• _TASK INSTRUCTIONS_:
Copy all records precisely, apart from the pictures.

• _EXERCISE INPUTS_:
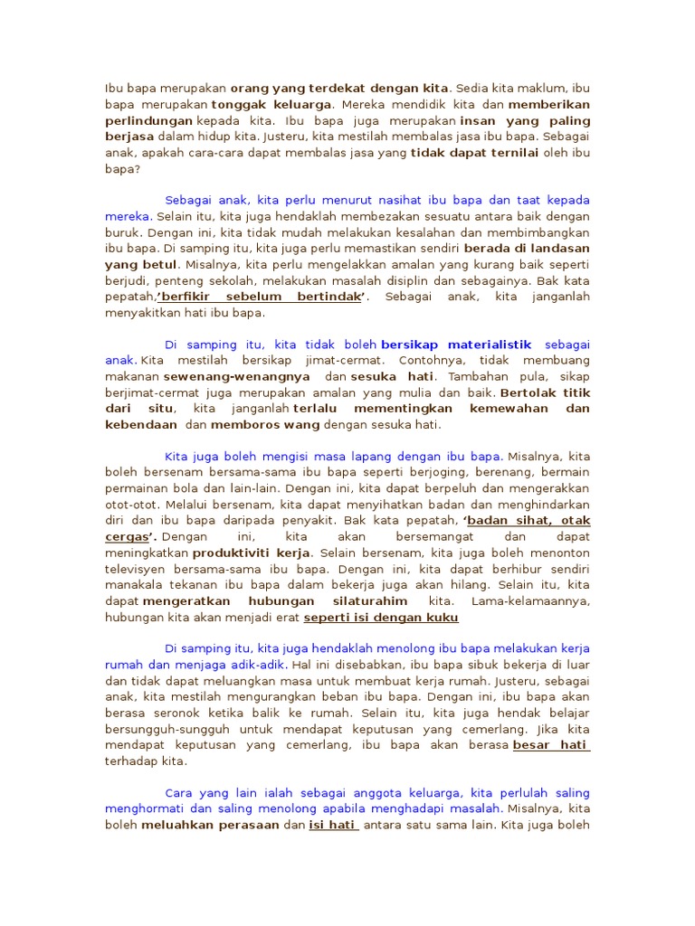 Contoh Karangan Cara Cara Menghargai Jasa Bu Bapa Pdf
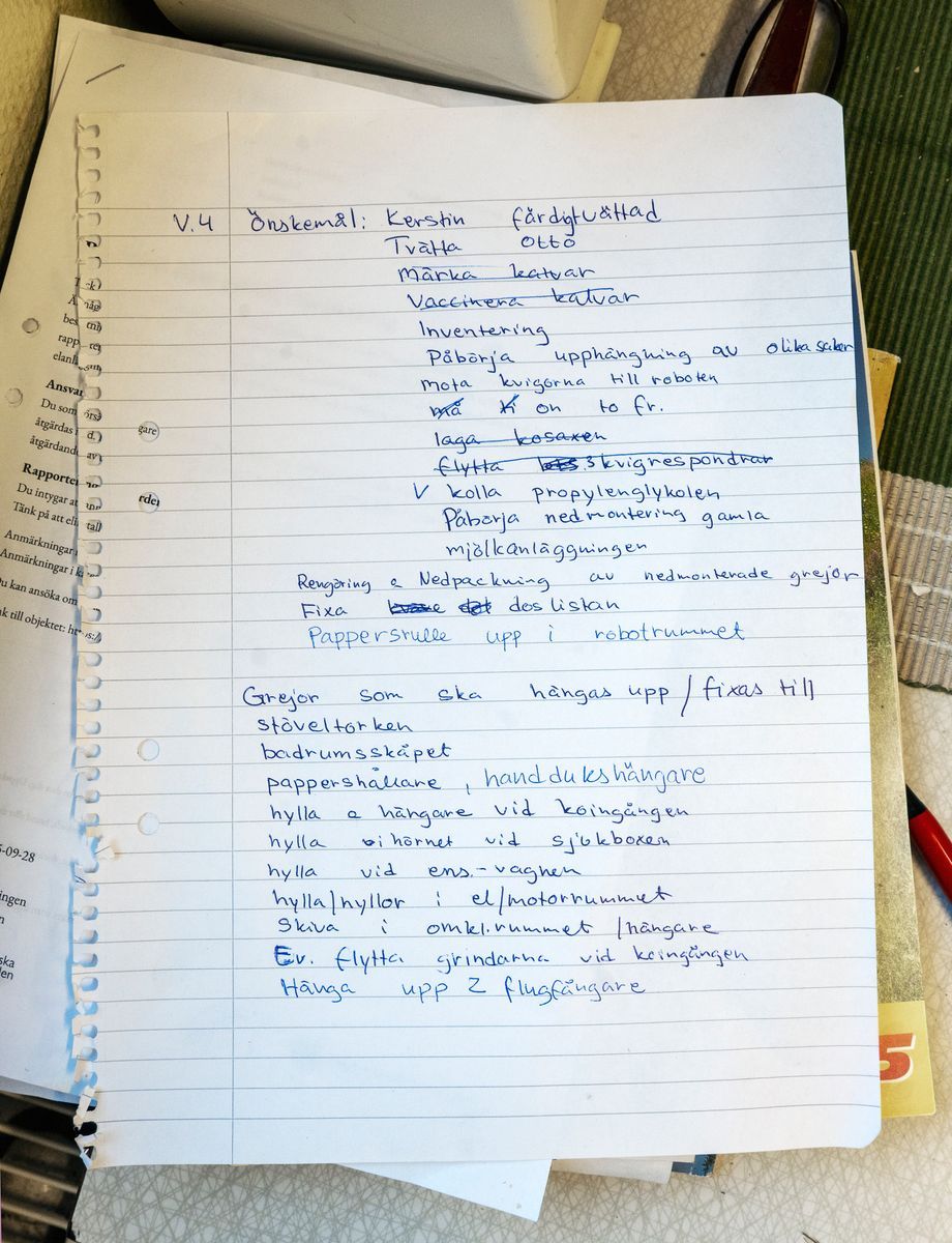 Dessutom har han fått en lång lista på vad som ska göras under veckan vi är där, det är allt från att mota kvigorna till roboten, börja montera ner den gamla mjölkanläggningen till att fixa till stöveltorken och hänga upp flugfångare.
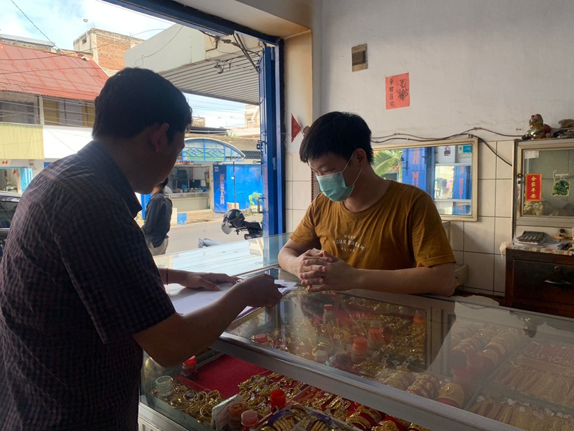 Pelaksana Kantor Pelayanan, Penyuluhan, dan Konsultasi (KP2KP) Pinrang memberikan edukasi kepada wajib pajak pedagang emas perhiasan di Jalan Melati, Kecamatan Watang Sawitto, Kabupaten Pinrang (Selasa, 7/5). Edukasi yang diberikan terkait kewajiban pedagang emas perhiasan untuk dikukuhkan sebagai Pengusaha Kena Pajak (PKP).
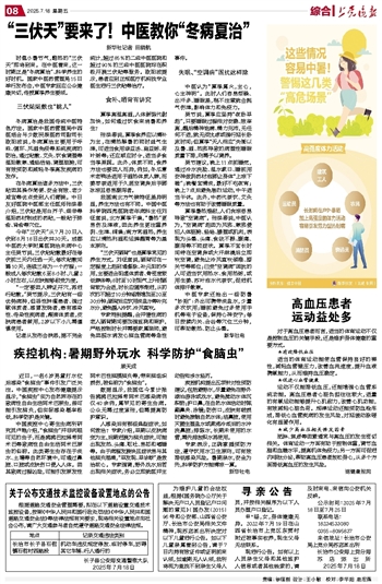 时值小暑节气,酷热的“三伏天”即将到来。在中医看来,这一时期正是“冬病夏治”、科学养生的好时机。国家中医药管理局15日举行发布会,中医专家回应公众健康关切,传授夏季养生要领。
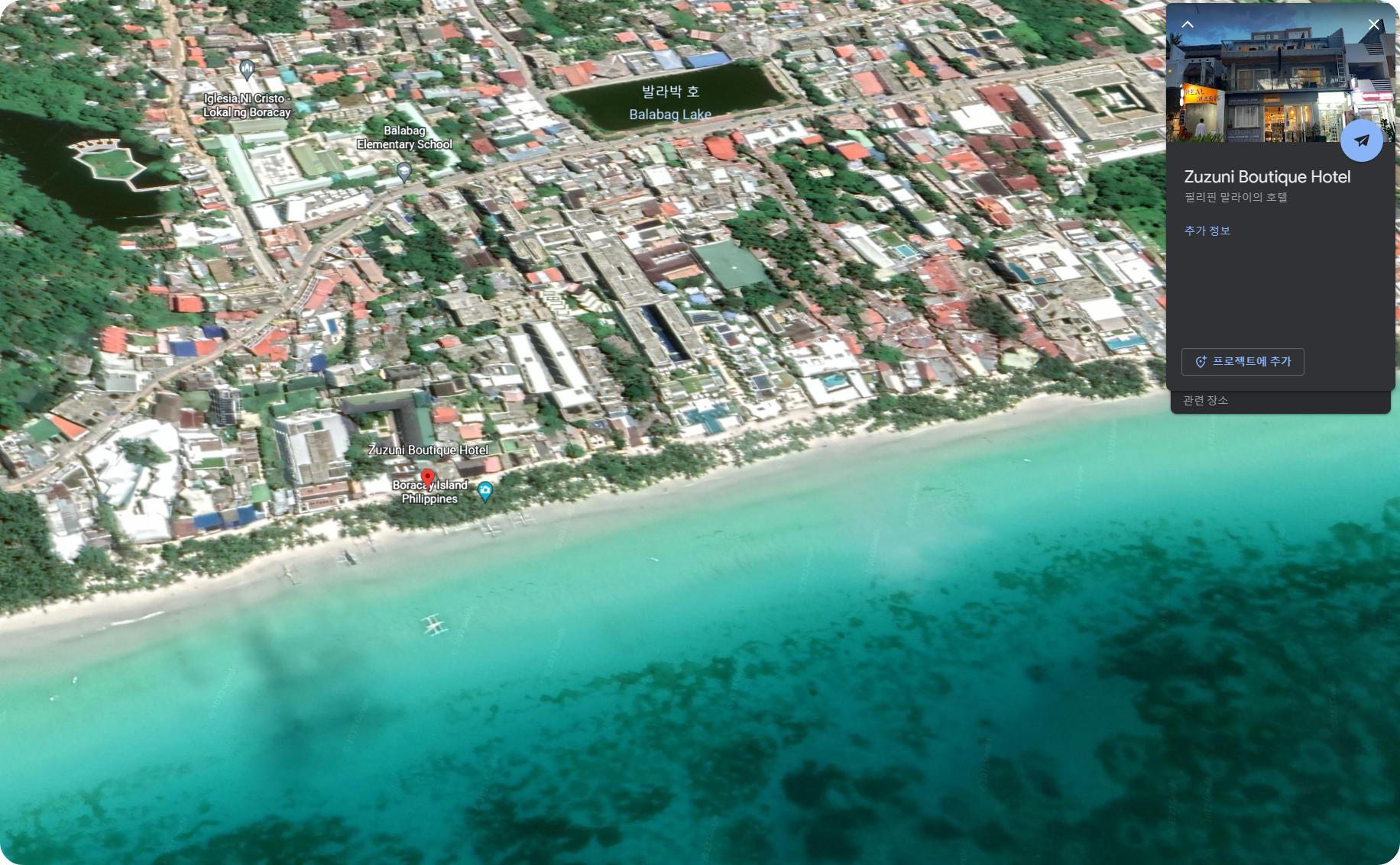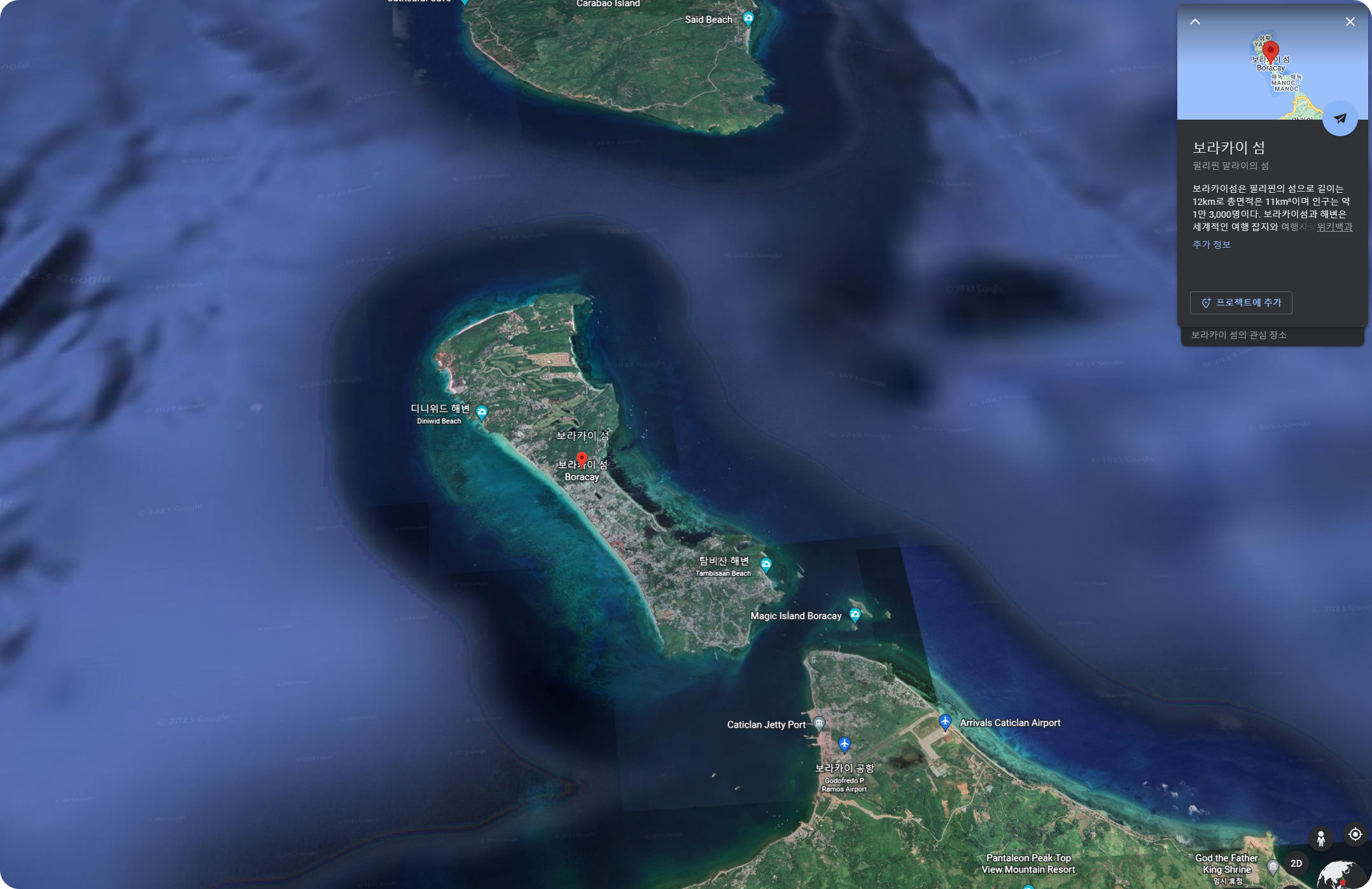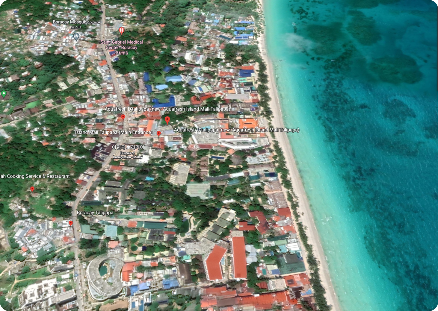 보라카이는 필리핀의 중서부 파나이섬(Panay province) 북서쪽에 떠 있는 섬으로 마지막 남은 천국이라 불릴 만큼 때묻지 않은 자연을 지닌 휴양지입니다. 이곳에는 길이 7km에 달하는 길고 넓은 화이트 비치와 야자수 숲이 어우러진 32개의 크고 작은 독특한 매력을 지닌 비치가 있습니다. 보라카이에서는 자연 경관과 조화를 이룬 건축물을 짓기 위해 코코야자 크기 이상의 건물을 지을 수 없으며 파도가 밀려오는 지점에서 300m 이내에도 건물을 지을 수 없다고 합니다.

• _ANSWER_:
 Contoh Karangan Cara Cara Menghargai Jasa Bu Bapa Pdf
 Dessutom har han fått en lång lista på vad som ska göras under veckan vi är där, det är allt från att mota kvigorna till roboten, börja montera ner den gamla mjölkanläggningen till att fixa till stöveltorken och hänga upp flugfångare.
 Pelaksana Kantor Pelayanan, Penyuluhan, dan Konsultasi (KP2KP) Pinrang memberikan edukasi kepada wajib pajak pedagang emas perhiasan di Jalan Melati, Kecamatan Watang Sawitto, Kabupaten Pinrang (Selasa, 7/5). Edukasi yang diberikan terkait kewajiban pedagang emas perhiasan untuk dikukuhkan sebagai Pengusaha Kena Pajak (PKP).
 时值小暑节气,酷热的“三伏天”即将到来。在中医看来,这一时期正是“冬病夏治”、科学养生的好时机。国家中医药管理局15日举行发布会,中医专家回应公众健康关切,传授夏季养生要领。
 보라카이는 필리핀의 중서부 파나이섬(Panay province) 북서쪽에 떠 있는 섬으로 마지막 남은 천국이라 불릴 만큼 때묻지 않은 자연을 지닌 휴양지입니다. 이곳에는 길이 7km에 달하는 길고 넓은 화이트 비치와 야자수 숲이 어우러진 32개의 크고 작은 독특한 매력을 지닌 비치가 있습니다. 보라카이에서는 자연 경관과 조화를 이룬 건축물을 짓기 위해 코코야자 크기 이상의 건물을 지을 수 없으며 파도가 밀려오는 지점에서 300m 이내에도 건물을 지을 수 없다고 합니다.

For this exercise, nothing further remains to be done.